> Work required
Leave out the pictures and retype, exactly, the lines below from the line with "Tip:伤害系数不高,主要作" up to and including the line with "Haus: Schönes Ferienhaus", nothing more.

> The input
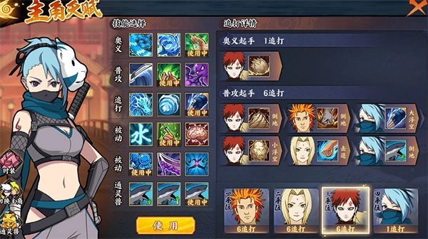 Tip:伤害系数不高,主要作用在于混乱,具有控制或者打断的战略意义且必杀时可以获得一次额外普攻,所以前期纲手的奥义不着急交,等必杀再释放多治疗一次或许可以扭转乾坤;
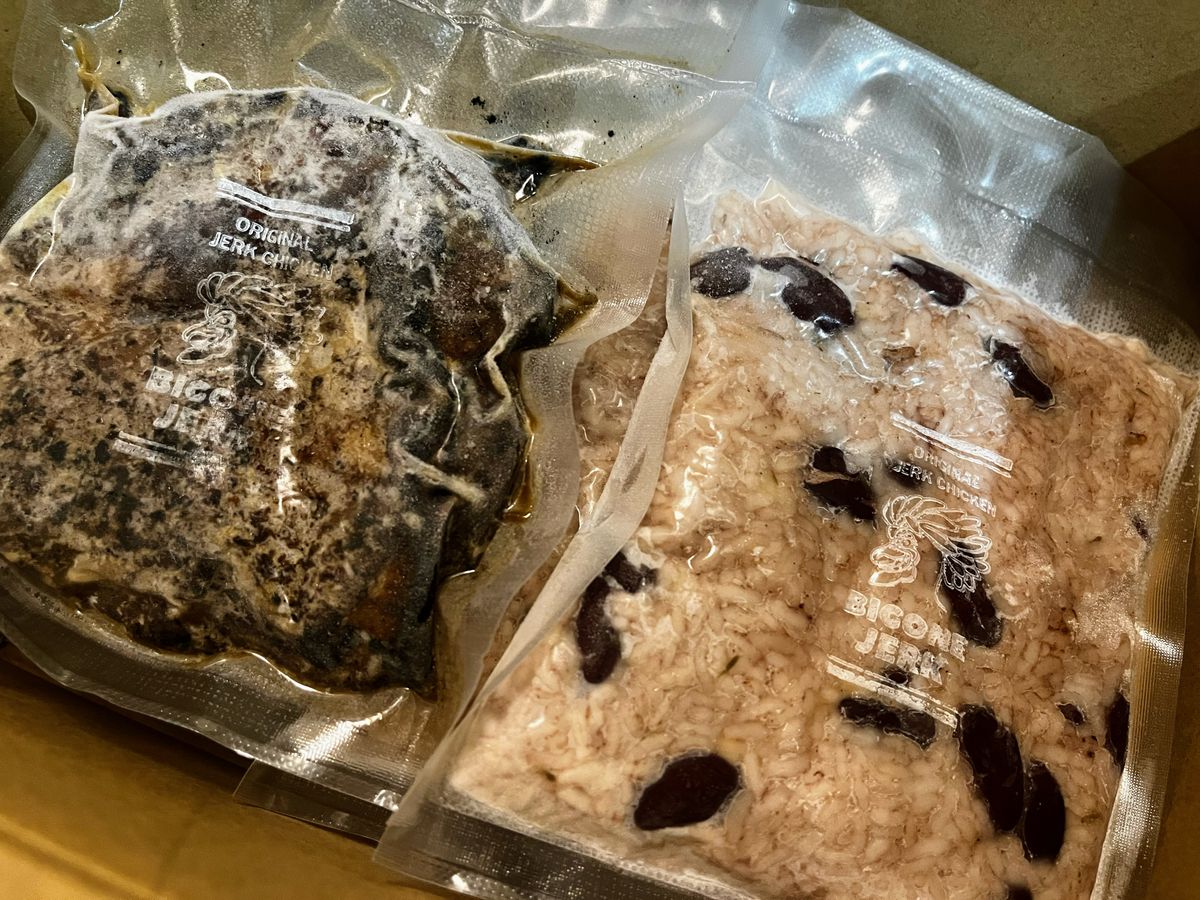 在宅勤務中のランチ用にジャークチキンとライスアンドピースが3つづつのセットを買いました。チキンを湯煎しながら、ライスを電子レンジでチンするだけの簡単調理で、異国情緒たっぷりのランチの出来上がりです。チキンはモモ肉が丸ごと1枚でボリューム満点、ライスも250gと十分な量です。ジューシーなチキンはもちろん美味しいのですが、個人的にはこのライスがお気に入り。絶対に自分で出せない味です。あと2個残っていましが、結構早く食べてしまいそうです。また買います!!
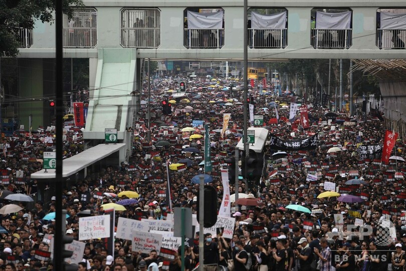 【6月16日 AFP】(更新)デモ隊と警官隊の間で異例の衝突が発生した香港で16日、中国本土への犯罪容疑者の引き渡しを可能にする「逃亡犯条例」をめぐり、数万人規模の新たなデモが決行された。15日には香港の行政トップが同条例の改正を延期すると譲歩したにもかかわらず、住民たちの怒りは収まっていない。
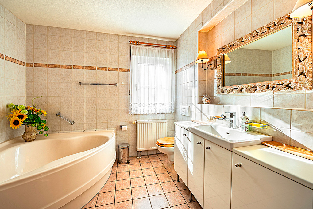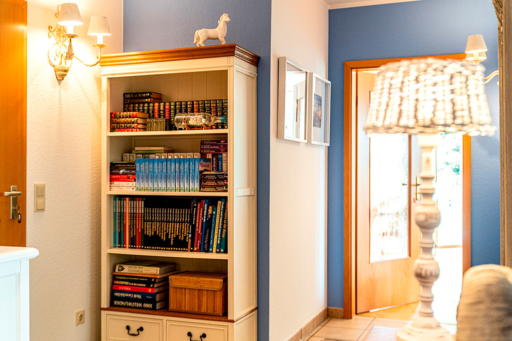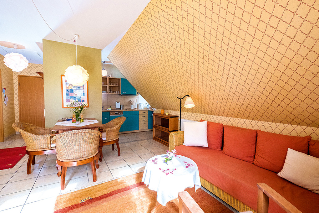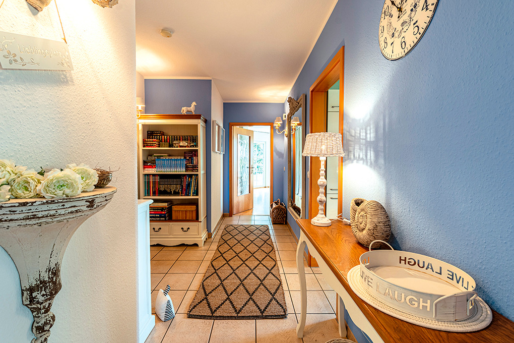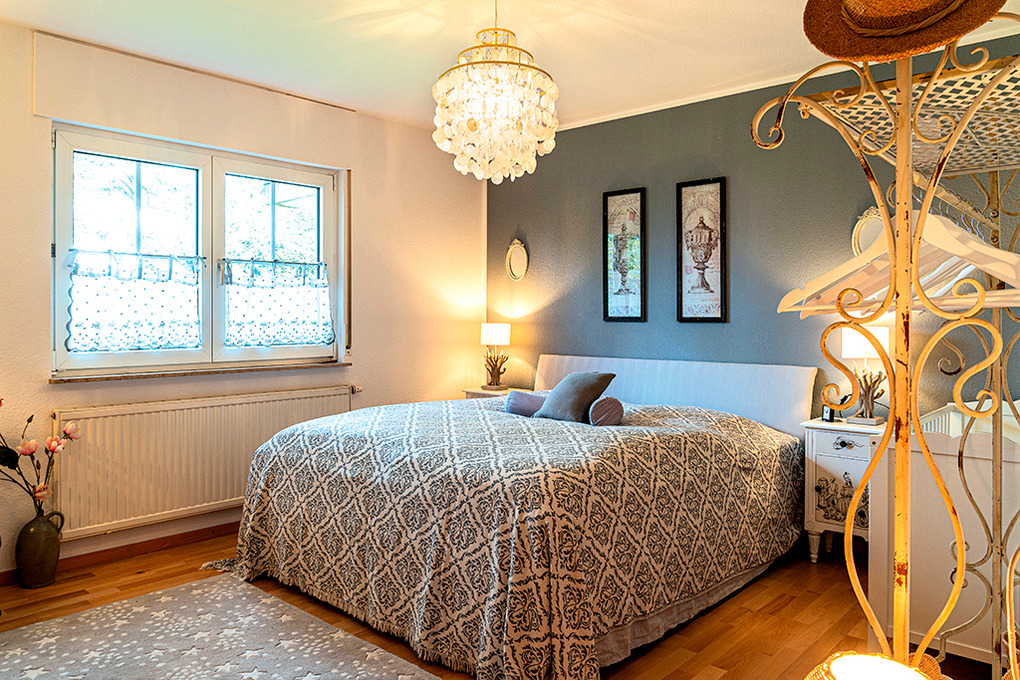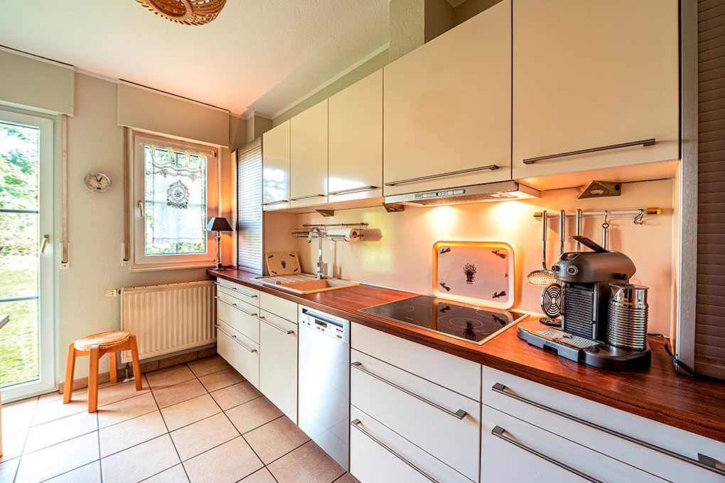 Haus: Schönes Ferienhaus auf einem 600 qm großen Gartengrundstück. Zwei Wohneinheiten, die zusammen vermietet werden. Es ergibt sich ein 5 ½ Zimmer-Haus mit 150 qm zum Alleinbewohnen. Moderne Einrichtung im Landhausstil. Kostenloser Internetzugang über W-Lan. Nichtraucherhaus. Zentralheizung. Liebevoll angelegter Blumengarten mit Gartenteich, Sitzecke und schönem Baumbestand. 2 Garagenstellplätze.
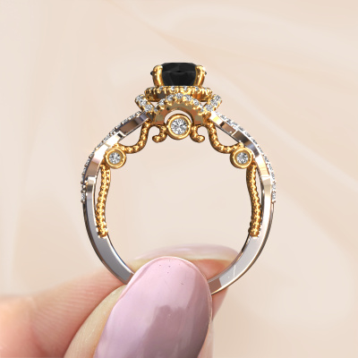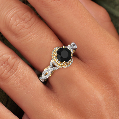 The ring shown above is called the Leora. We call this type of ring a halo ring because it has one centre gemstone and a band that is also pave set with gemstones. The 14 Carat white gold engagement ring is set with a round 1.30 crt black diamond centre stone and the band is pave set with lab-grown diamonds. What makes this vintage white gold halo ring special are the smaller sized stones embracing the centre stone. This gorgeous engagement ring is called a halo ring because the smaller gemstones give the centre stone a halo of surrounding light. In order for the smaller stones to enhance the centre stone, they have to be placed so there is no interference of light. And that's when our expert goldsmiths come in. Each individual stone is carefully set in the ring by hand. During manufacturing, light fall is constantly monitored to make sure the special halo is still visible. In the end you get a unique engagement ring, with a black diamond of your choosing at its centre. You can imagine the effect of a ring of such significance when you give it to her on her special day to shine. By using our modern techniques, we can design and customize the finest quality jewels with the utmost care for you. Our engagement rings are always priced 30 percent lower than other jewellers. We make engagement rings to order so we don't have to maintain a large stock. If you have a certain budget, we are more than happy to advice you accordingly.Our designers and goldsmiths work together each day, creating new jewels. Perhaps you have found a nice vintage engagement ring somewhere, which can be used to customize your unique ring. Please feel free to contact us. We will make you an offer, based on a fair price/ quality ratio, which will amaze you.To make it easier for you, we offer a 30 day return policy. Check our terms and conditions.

--

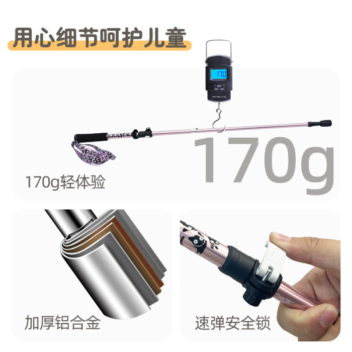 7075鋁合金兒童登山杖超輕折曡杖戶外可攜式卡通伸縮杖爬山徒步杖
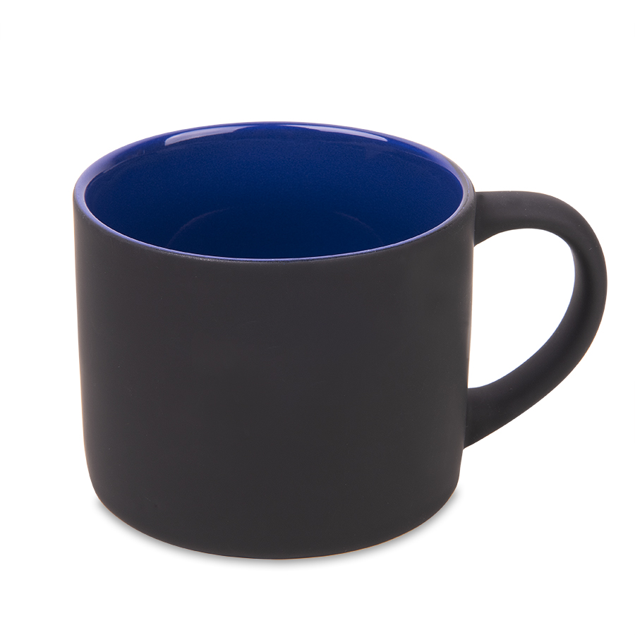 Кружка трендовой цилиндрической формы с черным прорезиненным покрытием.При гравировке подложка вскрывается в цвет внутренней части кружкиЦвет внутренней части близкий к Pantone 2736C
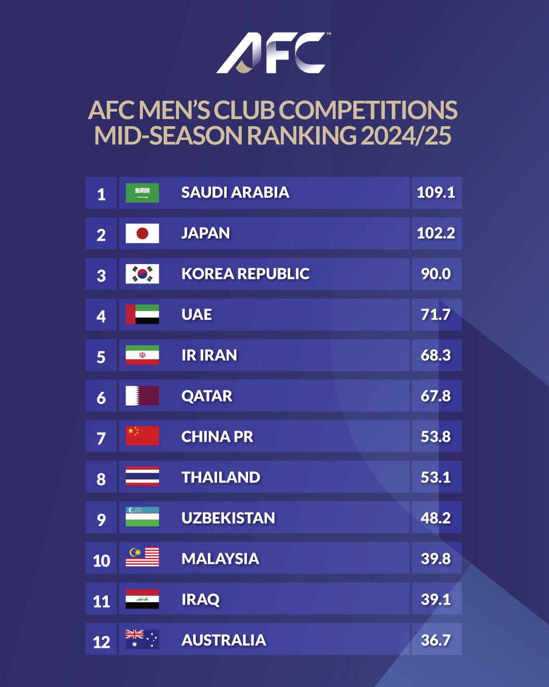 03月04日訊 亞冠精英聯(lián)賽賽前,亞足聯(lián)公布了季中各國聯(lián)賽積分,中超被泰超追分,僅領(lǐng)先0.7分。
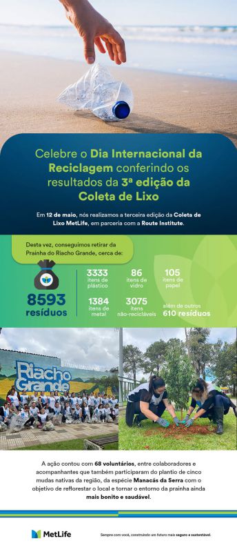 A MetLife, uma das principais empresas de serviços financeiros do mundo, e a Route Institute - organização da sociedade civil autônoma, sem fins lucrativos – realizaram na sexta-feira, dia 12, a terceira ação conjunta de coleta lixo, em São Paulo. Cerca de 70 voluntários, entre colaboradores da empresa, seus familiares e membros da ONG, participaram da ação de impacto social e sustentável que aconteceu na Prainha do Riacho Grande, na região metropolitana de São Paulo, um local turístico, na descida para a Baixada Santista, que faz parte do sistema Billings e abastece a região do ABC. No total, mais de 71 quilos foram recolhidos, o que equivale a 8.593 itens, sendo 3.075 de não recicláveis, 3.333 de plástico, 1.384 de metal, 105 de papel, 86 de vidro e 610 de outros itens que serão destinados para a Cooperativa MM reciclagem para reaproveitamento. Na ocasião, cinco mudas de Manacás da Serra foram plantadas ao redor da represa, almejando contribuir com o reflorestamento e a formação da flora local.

> Answer to this exercise
 Tip:伤害系数不高,主要作用在于混乱,具有控制或者打断的战略意义且必杀时可以获得一次额外普攻,所以前期纲手的奥义不着急交,等必杀再释放多治疗一次或许可以扭转乾坤;
 在宅勤務中のランチ用にジャークチキンとライスアンドピースが3つづつのセットを買いました。チキンを湯煎しながら、ライスを電子レンジでチンするだけの簡単調理で、異国情緒たっぷりのランチの出来上がりです。チキンはモモ肉が丸ごと1枚でボリューム満点、ライスも250gと十分な量です。ジューシーなチキンはもちろん美味しいのですが、個人的にはこのライスがお気に入り。絶対に自分で出せない味です。あと2個残っていましが、結構早く食べてしまいそうです。また買います!!
 【6月16日 AFP】(更新)デモ隊と警官隊の間で異例の衝突が発生した香港で16日、中国本土への犯罪容疑者の引き渡しを可能にする「逃亡犯条例」をめぐり、数万人規模の新たなデモが決行された。15日には香港の行政トップが同条例の改正を延期すると譲歩したにもかかわらず、住民たちの怒りは収まっていない。
 Haus: Schönes Ferienhaus auf einem 600 qm großen Gartengrundstück. Zwei Wohneinheiten, die zusammen vermietet werden. Es ergibt sich ein 5 ½ Zimmer-Haus mit 150 qm zum Alleinbewohnen. Moderne Einrichtung im Landhausstil. Kostenloser Internetzugang über W-Lan. Nichtraucherhaus. Zentralheizung. Liebevoll angelegter Blumengarten mit Gartenteich, Sitzecke und schönem Baumbestand. 2 Garagenstellplätze.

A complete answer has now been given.